*WHAT NEEDS TO BE DONE:* Repeat verbatim, and only, the lines of the data below, beginning at the line that contains "40% off on - Pringles: Get" and stopping after the line that contains "Nichtraucher-Haus. Feuerlöscher. ETV1786".

*RAW DATA:*
=== Section Start ===
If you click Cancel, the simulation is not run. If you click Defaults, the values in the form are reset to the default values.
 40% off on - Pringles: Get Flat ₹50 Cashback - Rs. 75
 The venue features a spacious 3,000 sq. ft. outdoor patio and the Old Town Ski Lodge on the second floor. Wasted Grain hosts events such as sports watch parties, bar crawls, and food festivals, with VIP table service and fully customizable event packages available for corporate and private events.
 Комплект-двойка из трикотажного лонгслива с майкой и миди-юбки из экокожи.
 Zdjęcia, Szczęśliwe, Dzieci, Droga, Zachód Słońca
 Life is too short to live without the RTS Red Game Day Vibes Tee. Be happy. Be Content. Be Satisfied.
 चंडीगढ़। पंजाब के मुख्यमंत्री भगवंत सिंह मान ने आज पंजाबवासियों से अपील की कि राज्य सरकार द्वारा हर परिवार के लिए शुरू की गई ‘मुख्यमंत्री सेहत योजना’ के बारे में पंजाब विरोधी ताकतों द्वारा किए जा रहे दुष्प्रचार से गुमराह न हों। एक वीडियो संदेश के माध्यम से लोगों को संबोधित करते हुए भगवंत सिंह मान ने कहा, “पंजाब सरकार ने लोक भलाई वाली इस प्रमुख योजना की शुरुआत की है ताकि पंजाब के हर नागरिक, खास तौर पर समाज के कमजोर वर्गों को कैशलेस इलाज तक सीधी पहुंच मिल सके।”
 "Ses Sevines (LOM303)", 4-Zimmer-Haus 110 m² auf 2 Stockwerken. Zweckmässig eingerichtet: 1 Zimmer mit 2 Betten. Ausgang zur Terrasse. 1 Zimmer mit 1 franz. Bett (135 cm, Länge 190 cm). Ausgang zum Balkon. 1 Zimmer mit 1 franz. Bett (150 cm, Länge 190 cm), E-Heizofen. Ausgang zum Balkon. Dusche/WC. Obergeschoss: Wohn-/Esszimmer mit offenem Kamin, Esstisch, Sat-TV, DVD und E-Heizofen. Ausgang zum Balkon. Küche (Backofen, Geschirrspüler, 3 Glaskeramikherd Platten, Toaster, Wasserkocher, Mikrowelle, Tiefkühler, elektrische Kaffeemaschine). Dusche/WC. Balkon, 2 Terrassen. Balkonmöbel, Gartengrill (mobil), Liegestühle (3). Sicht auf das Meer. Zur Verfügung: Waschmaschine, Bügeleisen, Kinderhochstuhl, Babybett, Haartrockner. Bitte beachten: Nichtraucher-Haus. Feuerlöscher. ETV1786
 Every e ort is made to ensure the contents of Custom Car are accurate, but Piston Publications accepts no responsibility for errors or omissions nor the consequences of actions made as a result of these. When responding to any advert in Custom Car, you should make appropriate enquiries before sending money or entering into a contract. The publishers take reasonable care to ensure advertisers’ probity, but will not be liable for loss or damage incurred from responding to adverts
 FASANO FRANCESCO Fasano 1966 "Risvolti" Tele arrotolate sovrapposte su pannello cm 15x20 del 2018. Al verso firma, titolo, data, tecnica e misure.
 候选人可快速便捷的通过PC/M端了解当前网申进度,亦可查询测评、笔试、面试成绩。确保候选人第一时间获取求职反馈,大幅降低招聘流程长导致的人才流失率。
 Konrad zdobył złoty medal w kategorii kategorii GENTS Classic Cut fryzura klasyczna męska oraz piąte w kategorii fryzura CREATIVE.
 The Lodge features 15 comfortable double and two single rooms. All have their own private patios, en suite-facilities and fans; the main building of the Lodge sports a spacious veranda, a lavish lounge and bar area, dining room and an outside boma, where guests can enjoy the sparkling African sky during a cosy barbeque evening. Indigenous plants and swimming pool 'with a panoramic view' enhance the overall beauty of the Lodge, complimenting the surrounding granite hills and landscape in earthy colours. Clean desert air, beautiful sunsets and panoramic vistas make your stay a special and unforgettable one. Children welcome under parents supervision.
=== Section End ===
*SOLUTION BELOW:*
 40% off on - Pringles: Get Flat ₹50 Cashback - Rs. 75
 The venue features a spacious 3,000 sq. ft. outdoor patio and the Old Town Ski Lodge on the second floor. Wasted Grain hosts events such as sports watch parties, bar crawls, and food festivals, with VIP table service and fully customizable event packages available for corporate and private events.
 Комплект-двойка из трикотажного лонгслива с майкой и миди-юбки из экокожи.
 Zdjęcia, Szczęśliwe, Dzieci, Droga, Zachód Słońca
 Life is too short to live without the RTS Red Game Day Vibes Tee. Be happy. Be Content. Be Satisfied.
 चंडीगढ़। पंजाब के मुख्यमंत्री भगवंत सिंह मान ने आज पंजाबवासियों से अपील की कि राज्य सरकार द्वारा हर परिवार के लिए शुरू की गई ‘मुख्यमंत्री सेहत योजना’ के बारे में पंजाब विरोधी ताकतों द्वारा किए जा रहे दुष्प्रचार से गुमराह न हों। एक वीडियो संदेश के माध्यम से लोगों को संबोधित करते हुए भगवंत सिंह मान ने कहा, “पंजाब सरकार ने लोक भलाई वाली इस प्रमुख योजना की शुरुआत की है ताकि पंजाब के हर नागरिक, खास तौर पर समाज के कमजोर वर्गों को कैशलेस इलाज तक सीधी पहुंच मिल सके।”
 "Ses Sevines (LOM303)", 4-Zimmer-Haus 110 m² auf 2 Stockwerken. Zweckmässig eingerichtet: 1 Zimmer mit 2 Betten. Ausgang zur Terrasse. 1 Zimmer mit 1 franz. Bett (135 cm, Länge 190 cm). Ausgang zum Balkon. 1 Zimmer mit 1 franz. Bett (150 cm, Länge 190 cm), E-Heizofen. Ausgang zum Balkon. Dusche/WC. Obergeschoss: Wohn-/Esszimmer mit offenem Kamin, Esstisch, Sat-TV, DVD und E-Heizofen. Ausgang zum Balkon. Küche (Backofen, Geschirrspüler, 3 Glaskeramikherd Platten, Toaster, Wasserkocher, Mikrowelle, Tiefkühler, elektrische Kaffeemaschine). Dusche/WC. Balkon, 2 Terrassen. Balkonmöbel, Gartengrill (mobil), Liegestühle (3). Sicht auf das Meer. Zur Verfügung: Waschmaschine, Bügeleisen, Kinderhochstuhl, Babybett, Haartrockner. Bitte beachten: Nichtraucher-Haus. Feuerlöscher. ETV1786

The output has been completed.